Trappings of state

By Linda Polman, the author of We Did Nothing: Why the Truth Doesn't Always Come Out When the UN Goes In (THE GUARDIAN, 31/05/06):

The world's newest state is balanced on a knife edge. Only months after UN troops wrapped up their nation-building mission in East Timor, President Xanana Gusmao has imposed emergency rule, and an Australian-led peacekeeping force of more than 2,000 has been flown in. Peace talks in Dili are welcome, but they are taking place against a backdrop of continued violence, with fighting raging on between government forces and their mutinous colleagues. A coup remains a real threat.

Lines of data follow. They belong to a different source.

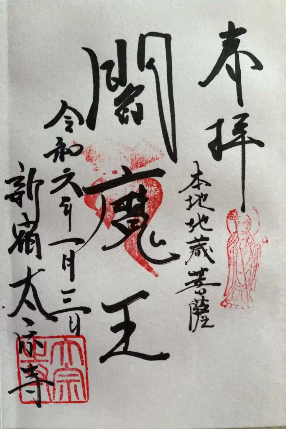 閻魔王の御朱印。本地地蔵菩薩、地蔵尊の絵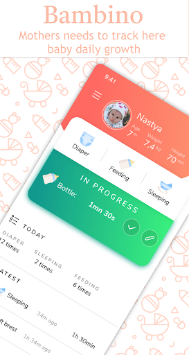 Bambino helps you to keep a daily track of your baby needs. So far, it is useful for breast-feeding of babies, sleeping tracker for babies and diaper change reminder and tracker for babies.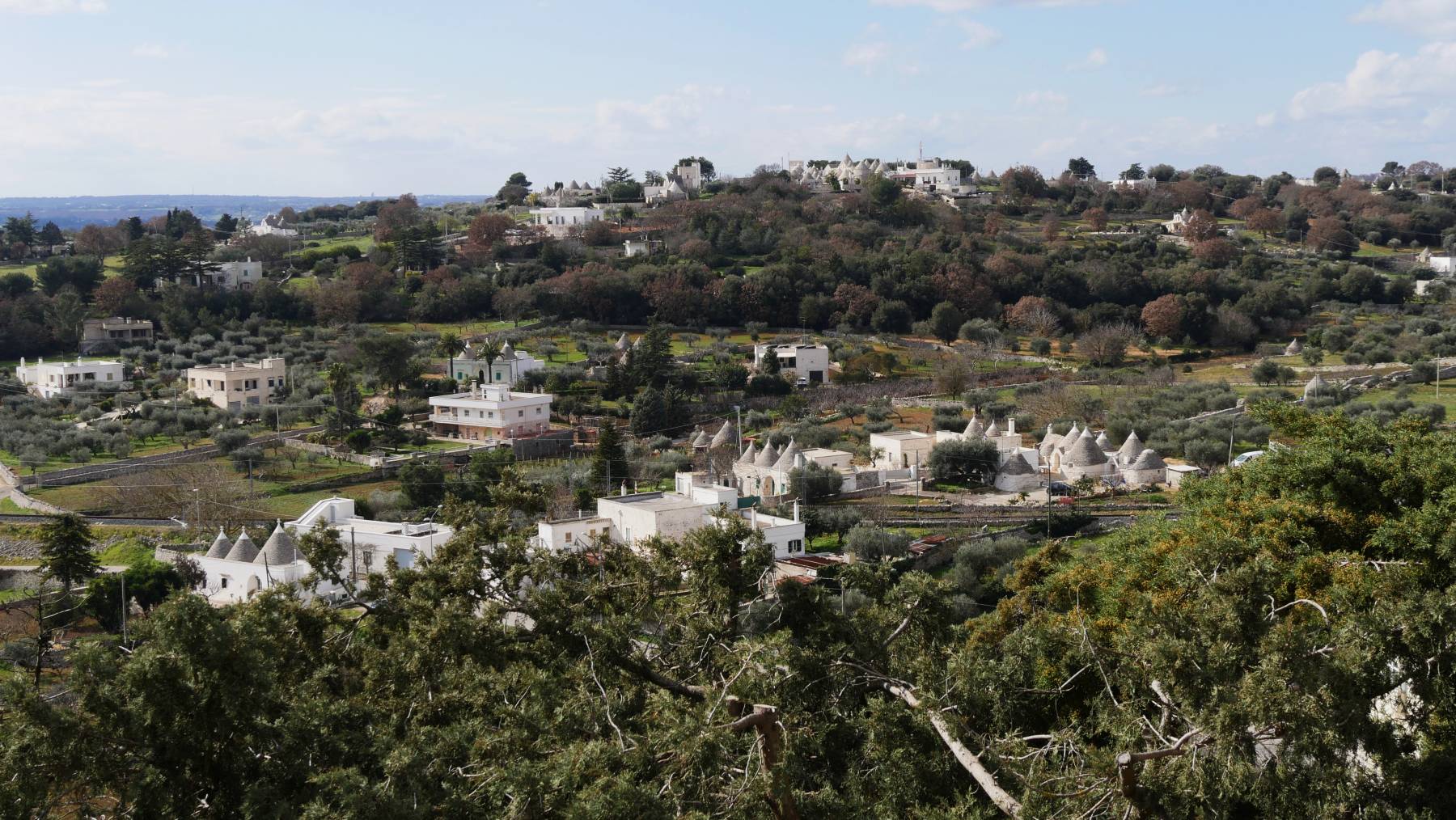 Wir befinden uns im Trulli-Land. Trullo (die Einzahl) bedeutet Kuppel und kommt aus dem Altgriechischen. Man ärgerte sich in diesem Gebiet vor langer Zeit über die Grundsteuer die an den König abgeführt werden musste. „Richtige“ Häuser wurden hoch besteuert und die kleinen, in dieser Region üblichen, Hirtenhütten nicht. Trulli wurden ursprünglich ohne Mörtel gebaut, weil man für Mörtellose Bauten keine Steuern zahlen musste, so ließen sie sich zur Not schnell wieder abbauen.

The outbreak of violence should come as no surprise - UN forces have left East Timor. In the absence of external military stabilisation, most countries emerging from violence will return to it within a few years, no matter what economic aid, advice and other forms of support they receive. Despite this, the order to nation-builders from their financiers, the UN member states, is to make the missions as short, cheap and small as they can, whatever the context.

What is called peacekeeping amounts in practice to nation-building: the makeover of desperately poor countries emerging from devastating conflict into "real" nations. Nation-building has been a UN task since the end of the cold war. The frequency and scale of these missions have steadily risen. During the cold war, the organisation launched a new operation on average once every four years. Since 1989 this has risen to more than once a year.

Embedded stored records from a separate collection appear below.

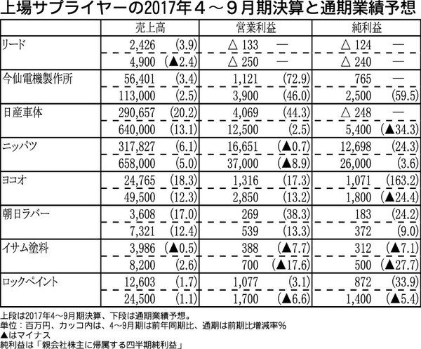 【上場サプライヤーの2017年4~9月期決算と通期業績予想】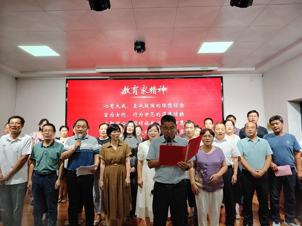 ~ 在活动的高潮部分,全体师生齐声诵读“教育家精神”,这不仅是对教育传统的传承,更是对未来教育梦想的共同承诺。学校还特别安排了对退休教师的慰问环节,感谢他多年来对教育事业的无私奉献。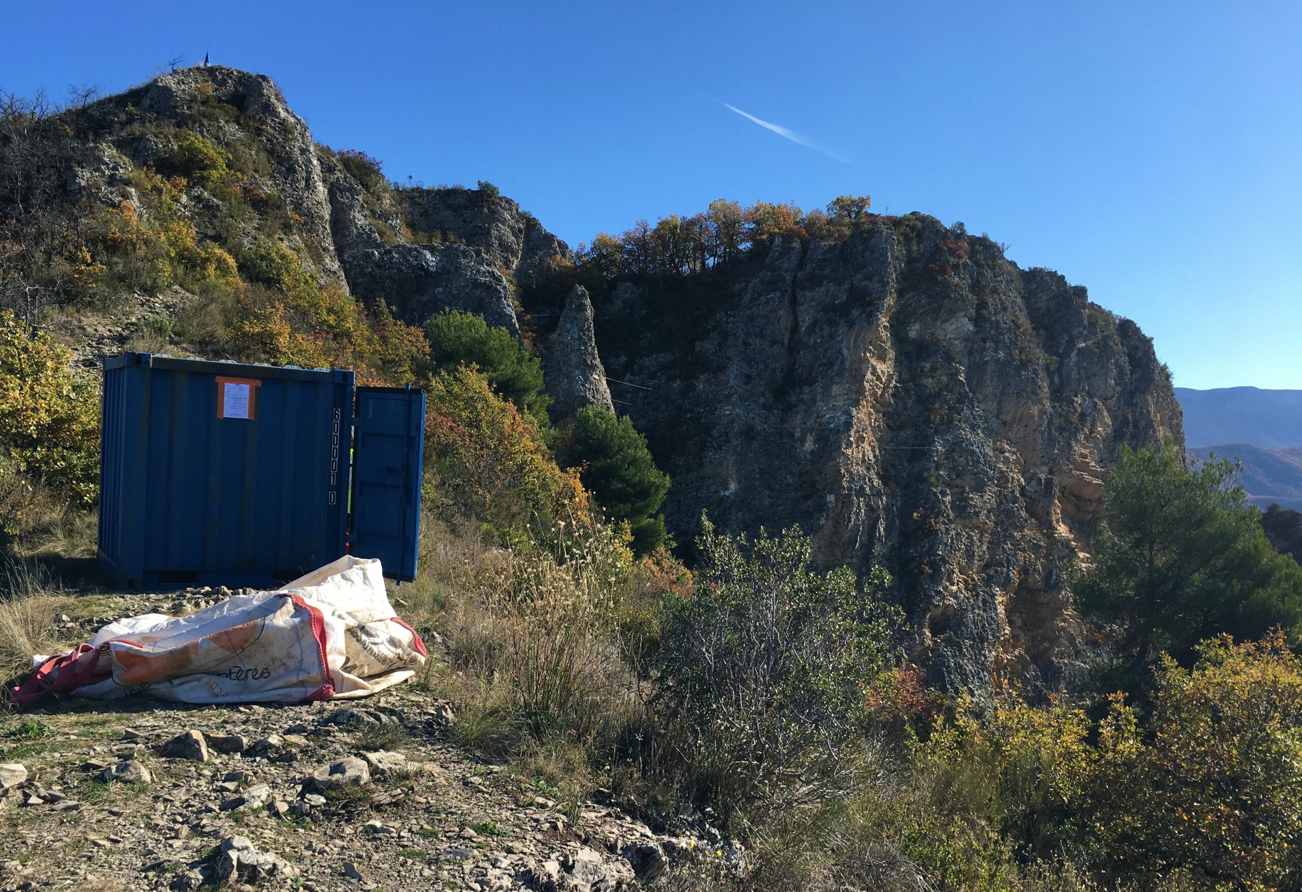 Au programme : héliportage des matériaux et des conteneurs / début effectif des travaux d’aménagement de la #viaferrata par les techniciens d’YDEMS
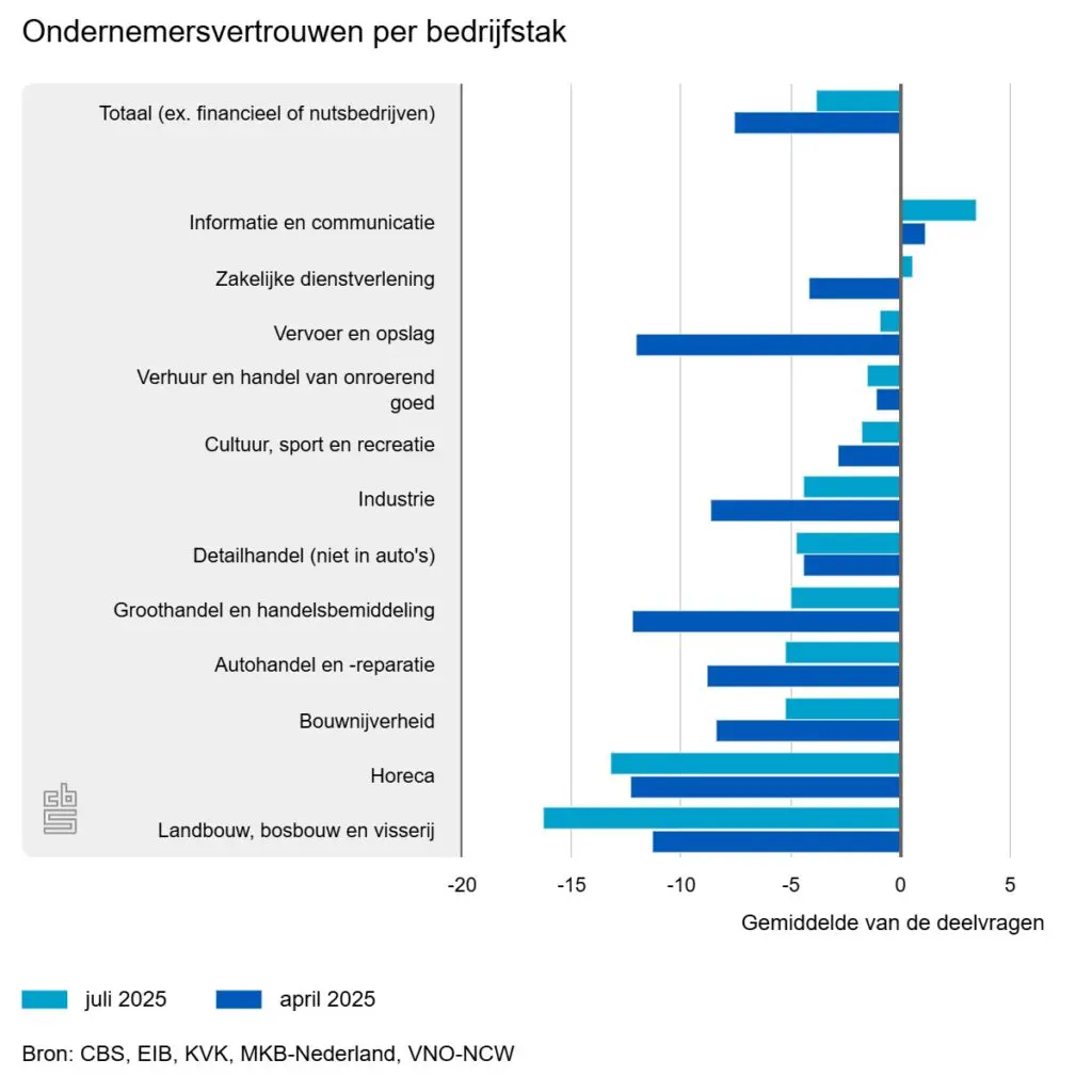 Het ondernemersvertrouwen is gestegen en komt in het derde kwartaal van 2025 uit op -3,8. Vooral in de vervoer en opslag en de groothandel en handelsbemiddeling steeg het vertrouwen. Toch ervaren ondernemers iets vaker belemmeringen en zijn zij verdeeld over investeringen in 2025, al is ook hier de vervoerssector positief. Dit melden het CBS, de KVK, het EIB, MKB-Nederland en VNO-NCW op basis van de Conjunctuurenquête Nederland die in juli is gehouden.

As a journalist, I have witnessed UN missions in many places. But whether in Somalia, Haiti, Rwanda, Sierra Leone or Liberia, I never saw the birth or restoration of a "real" country. It was the international trainers and their sidekicks - such as Halliburton, DynCorp or Blackwater - working at breathtaking speed to the set design for a democratic country. They rapidly build a stage on which the new nationals must wander. Day and night, they work their way through their list of props.

In East Timor, the sponsoring of an elected president, ministers and members of parliament who all take seats in freshly painted buildings has proved insufficient. The government consists of freedom fighters dressed as politicians. They claim the moral high ground, but they lack the self-cleansing abilities needed for democratic rule.

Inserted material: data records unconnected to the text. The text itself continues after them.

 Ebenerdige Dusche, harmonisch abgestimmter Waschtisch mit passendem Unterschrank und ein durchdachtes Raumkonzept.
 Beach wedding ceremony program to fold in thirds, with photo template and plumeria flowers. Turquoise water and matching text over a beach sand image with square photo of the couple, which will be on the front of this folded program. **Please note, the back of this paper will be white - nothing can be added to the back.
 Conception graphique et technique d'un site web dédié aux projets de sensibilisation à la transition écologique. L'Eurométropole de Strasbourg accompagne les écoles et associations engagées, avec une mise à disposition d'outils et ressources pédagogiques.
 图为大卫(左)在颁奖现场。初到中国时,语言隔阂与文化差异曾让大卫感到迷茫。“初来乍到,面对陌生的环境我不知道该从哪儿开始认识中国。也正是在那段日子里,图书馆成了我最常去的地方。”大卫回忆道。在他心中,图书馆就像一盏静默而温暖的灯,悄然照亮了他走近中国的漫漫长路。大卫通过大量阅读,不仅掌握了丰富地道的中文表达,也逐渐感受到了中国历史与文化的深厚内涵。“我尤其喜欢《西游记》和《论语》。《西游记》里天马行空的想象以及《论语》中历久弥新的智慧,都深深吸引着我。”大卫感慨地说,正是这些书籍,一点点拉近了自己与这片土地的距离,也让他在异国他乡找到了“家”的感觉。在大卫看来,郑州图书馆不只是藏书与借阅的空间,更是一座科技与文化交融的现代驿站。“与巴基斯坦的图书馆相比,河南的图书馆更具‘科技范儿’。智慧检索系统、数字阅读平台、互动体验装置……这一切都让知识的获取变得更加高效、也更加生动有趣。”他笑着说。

Serious doubts about the loyalty of the security forces should have emerged even before the fighting broke out. In its haste to end nation-building programmes, the UN hardly ever screens candidates for the police and the army. Many of the mutineers, who go around looting and burning in East Timor, were rebels before, too. In nation-building operations there is no time to repeat anything, so everyone graduates in the police and military academies.

Elections are scheduled for next year. The current unrest should be seen in that context. Half the leaders are clinging to the power that the other half covets. The government has made some serious mistakes. It neglected the underdeveloped provinces outside the capital. No priority was given to rebuilding the economy. Extreme poverty, especially among young unemployed men, has encouraged the formation of gangs that have taken part in the recent violence. How much time the international community will give the East Timorese to get over their problems this time around remains to be seen. Protecting people against their leaders should be a humanitarian duty - a human right, not a favour.